> [Exercise instructions]:
Below are records with pictures in them; print them exactly, omitting the pictures.

━━ Extracted information ━━

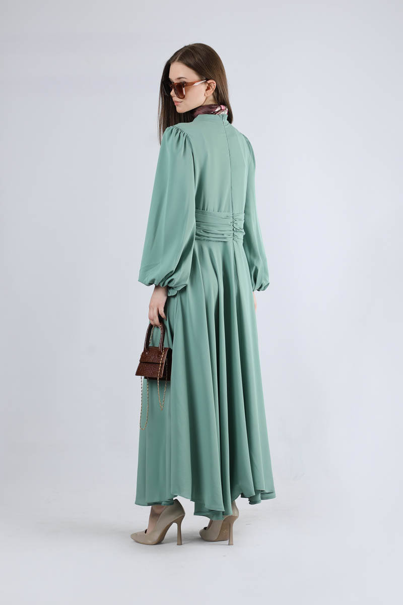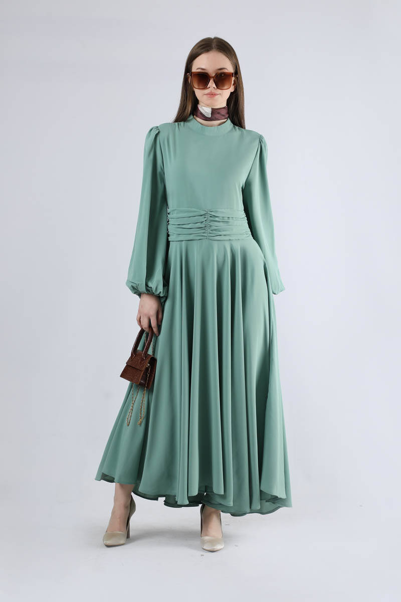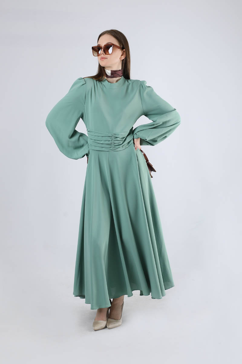 Belden büzgü detaylı elbisenin, asimetrik etek detayları ile dökümlü kol detayları vardır. Elbise iç göstermez tesettüre uygundur. Arkadan fermuar detayı olup rahat giyime sahiptir.
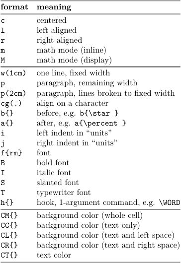 \starttabulate[|lT|l|] \HL \NC {\rm\bf format} \NC {\bf meaning} \NC\NR \HL \NC c \NC centered \NC\NR \NC l \NC left aligned \NC\NR \NC r \NC right aligned \NC\NR \NC m \NC math mode (inline) \NC\NR \NC M \NC math mode (display) \NC\NR \HL \NC w(1cm) \NC one line, fixed width \NC\NR \NC p \NC paragraph, remaining width \NC\NR \NC p(2cm) \NC paragraph, lines broken to fixed width \NC\NR \NC cg(.) \NC align on a character \NC\NR \NC b\arg{}\NC before, e.g. \type{b{\star}} \NC\NR \NC a\arg{}\NC after, e.g. \type{a{\percent}} \NC\NR \NC i \NC left indent in “units” \NC\NR \NC j \NC right indent in “units” \NC\NR \NC f\arg{rm} \NC font \NC\NR \NC B \NC bold font \NC\NR \NC I \NC italic font \NC\NR \NC S \NC slanted font \NC\NR \NC T \NC typewriter font \NC\NR \NC h\arg{} \NC hook, 1-argument command, e.g. \tex{WORD} \NC\NR \HL \NC CM\arg{} \NC background color (whole cell) \NC\NR \NC CC\arg{} \NC background color (text only) \NC\NR \NC CL\arg{} \NC background color (text and left space)\NC\NR \NC CR\arg{} \NC background color (text and right space)\NC\NR \NC CT\arg{} \NC text color \NC\NR \HL \stoptabulate
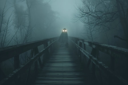 Spooky ghost with glowing eyes is standing on a foggy bridge in a dark forest at night
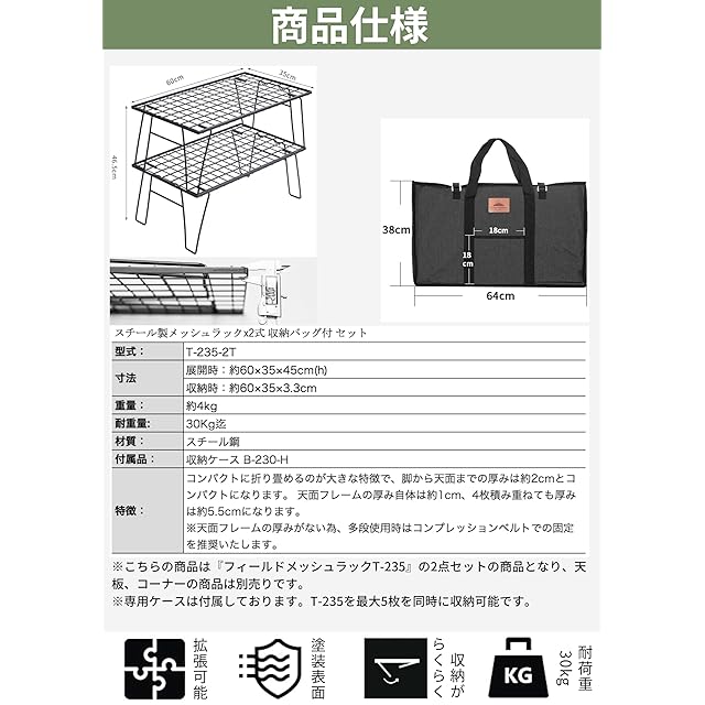商品内容:フィールドメッシュラック単品(※収納バッグが付属されておりませんので、ご注意ください)
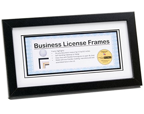 CreativePF [65EN-5.5x10.5bk-w] Black Business License Certificate Frame for Professionals Holds 3.5 by 8.5 with White Mat Includes Self Standing Easel Back with Hanger
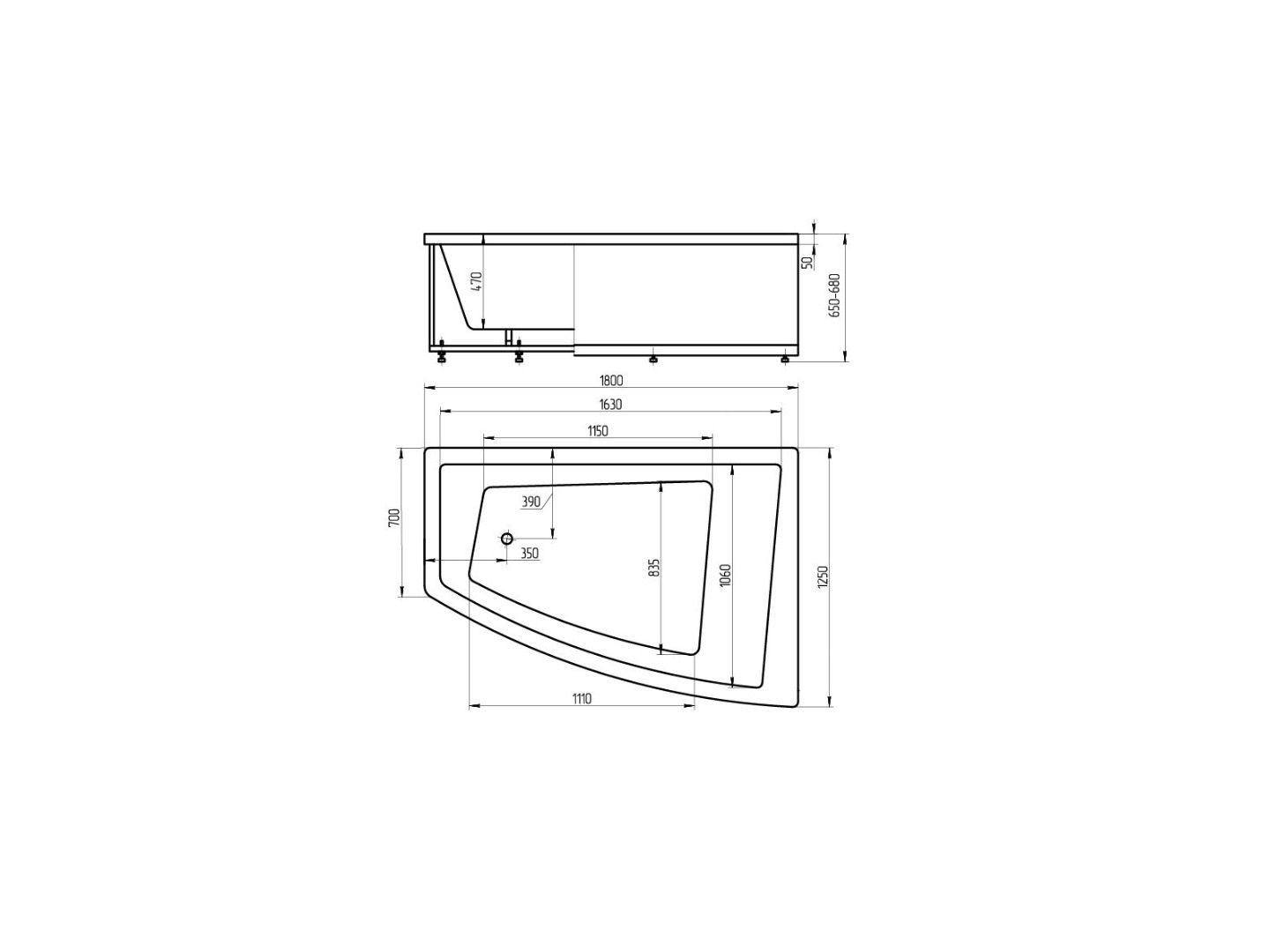 Асимметричная форма ванны Оракул позволит Вам максимально эффективно занять свободное пространство ванной комнаты. Вместе с тем внутреннее пространство и ёмкость ванны нельзя отнести к стандартным. Ведь 340 литров — это объем, достойный королей, которые, быть может, пожелают принимать ванну со своими королевами.

━━━

> [Your solution]:
 Belden büzgü detaylı elbisenin, asimetrik etek detayları ile dökümlü kol detayları vardır. Elbise iç göstermez tesettüre uygundur. Arkadan fermuar detayı olup rahat giyime sahiptir.
 \starttabulate[|lT|l|] \HL \NC {\rm\bf format} \NC {\bf meaning} \NC\NR \HL \NC c \NC centered \NC\NR \NC l \NC left aligned \NC\NR \NC r \NC right aligned \NC\NR \NC m \NC math mode (inline) \NC\NR \NC M \NC math mode (display) \NC\NR \HL \NC w(1cm) \NC one line, fixed width \NC\NR \NC p \NC paragraph, remaining width \NC\NR \NC p(2cm) \NC paragraph, lines broken to fixed width \NC\NR \NC cg(.) \NC align on a character \NC\NR \NC b\arg{}\NC before, e.g. \type{b{\star}} \NC\NR \NC a\arg{}\NC after, e.g. \type{a{\percent}} \NC\NR \NC i \NC left indent in “units” \NC\NR \NC j \NC right indent in “units” \NC\NR \NC f\arg{rm} \NC font \NC\NR \NC B \NC bold font \NC\NR \NC I \NC italic font \NC\NR \NC S \NC slanted font \NC\NR \NC T \NC typewriter font \NC\NR \NC h\arg{} \NC hook, 1-argument command, e.g. \tex{WORD} \NC\NR \HL \NC CM\arg{} \NC background color (whole cell) \NC\NR \NC CC\arg{} \NC background color (text only) \NC\NR \NC CL\arg{} \NC background color (text and left space)\NC\NR \NC CR\arg{} \NC background color (text and right space)\NC\NR \NC CT\arg{} \NC text color \NC\NR \HL \stoptabulate
 Spooky ghost with glowing eyes is standing on a foggy bridge in a dark forest at night
商品内容:フィールドメッシュラック単品(※収納バッグが付属されておりませんので、ご注意ください)
 CreativePF [65EN-5.5x10.5bk-w] Black Business License Certificate Frame for Professionals Holds 3.5 by 8.5 with White Mat Includes Self Standing Easel Back with Hanger
 Асимметричная форма ванны Оракул позволит Вам максимально эффективно занять свободное пространство ванной комнаты. Вместе с тем внутреннее пространство и ёмкость ванны нельзя отнести к стандартным. Ведь 340 литров — это объем, достойный королей, которые, быть может, пожелают принимать ванну со своими королевами.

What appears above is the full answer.